November 21, 2016
Children's School Hosts Inquiry-Based Learning Session
Earlier this month, Carnegie Mellon University’s Children's School hosted educators for "Inquiry Learning and Loose Parts," an evening of networking and sharing of teaching methods. Approximately 70 attendees discussed classroom investigations and demonstrated creative uses of materials, from super bubbles and worm habitats, to glow-in-the-dark beads and cardboard cities.
It was the second event of the newly formed Pittsburgh Alliance of University Schools (PAUS). PAUS is a collaborative effort made up of The Campus School of Carlow University, The Children's School, The Cyert Center for Early Education, Fanny Edel Falk Laboratory School and University Child Development Center, which are all located in Pittsburgh's Oakland neighborhood. Nearly 250 educators in preschool through eighth grade participate in PAUS.
"The group felt a strong desire to organize and create more opportunities for networking and promoting an exchange of ideas outside the sphere of their classrooms," said Sharon Carver, director of The Children's School.
The educators browsed many stations on the theme of inquiry-based learning in The Children's School. Each station presented a classroom activity and materials for experimenting. Handouts equipped educators with the theories and methods behind the activities as well as information on obtaining supplies. The Children's School entertained guests with a taco bar, sorbet, cookies and beverages.
"I left re-energized as an educator and excited about the collaboration and reconnection between all of the centers in this way," said Suzanne Grove, a studio educator at the Cyert Center.

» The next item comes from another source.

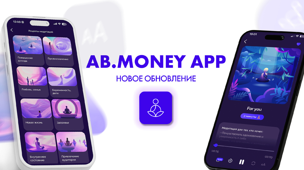 Вышло новое обновление приложения по медитациям AB.MONEY! Какие новые фишки теперь есть внутри? ТЕКСТ К КАЖДОЙ МЕДИТАЦИИ Мы часто получали от наших пользователей сообщения с вопросами о том: «в какой медитации было вот это?», «а в какой медитации были вот эти слова?» Хорошая новость — теперь у каждой медитации есть полный текст, и теперь не нужно переслушивать все медитации, чтобы найти ту самую — достаточно просто открыть текст! Текст к медитации находится в правом нижнем углу, под знаком «аА» — нажмите на него, и вам откроется текст. Чтобы убрать отображение текста — просто снова нажмите на знак «аА». НОВЫЕ РЕЦЕПТЫ В ПРИЛОЖЕНИИ Добавили 30 новых рецептов медитаций для подписки AB.MONEY PRO, по 3 рецепта в каждую из 10 сфер: доход, предназначение, любовь и семья, беременность и дети, новая жизнь, здоровье, внутреннее состояние, привлечение аудитории, красота и зависимости. Теперь участникам подписки доступен 201 рецепт медитаций на все случаи жизни! НАСТРОЙКА ВИДЖЕТА С ЗАПРОС

In its inaugural year, PAUS plans to run a series of five events, hosted at each of the participating schools. The Cyert Center hosted the first event focused on building a community within schools in October. The Falk Laboratory School will host the next meeting on the topic of mindfulness in February.
"I'm excited about sharing ideas. It's part of the nature of what we do, just as we want children to share and learn from each other," said Leslie McMeans, an early childhood educator at the Cyert Center.
Founded in 1968, CMU's Children's School is a laboratory school that focuses on hands-on, developmentally appropriate learning for children between the ages of 3 and 5. The school is part of the Dietrich College of Humanities and Social Sciences' Department of Psychology and enables the university to sustain a world-class level of child development research.
By Ann Lyon Ritchie
Pictured above: Sabrina Coborn, from the University Child Development Center, tests out classroom bubble activities with other PAUS educators. The recipe for Super Soap Solution was one of many methods shared.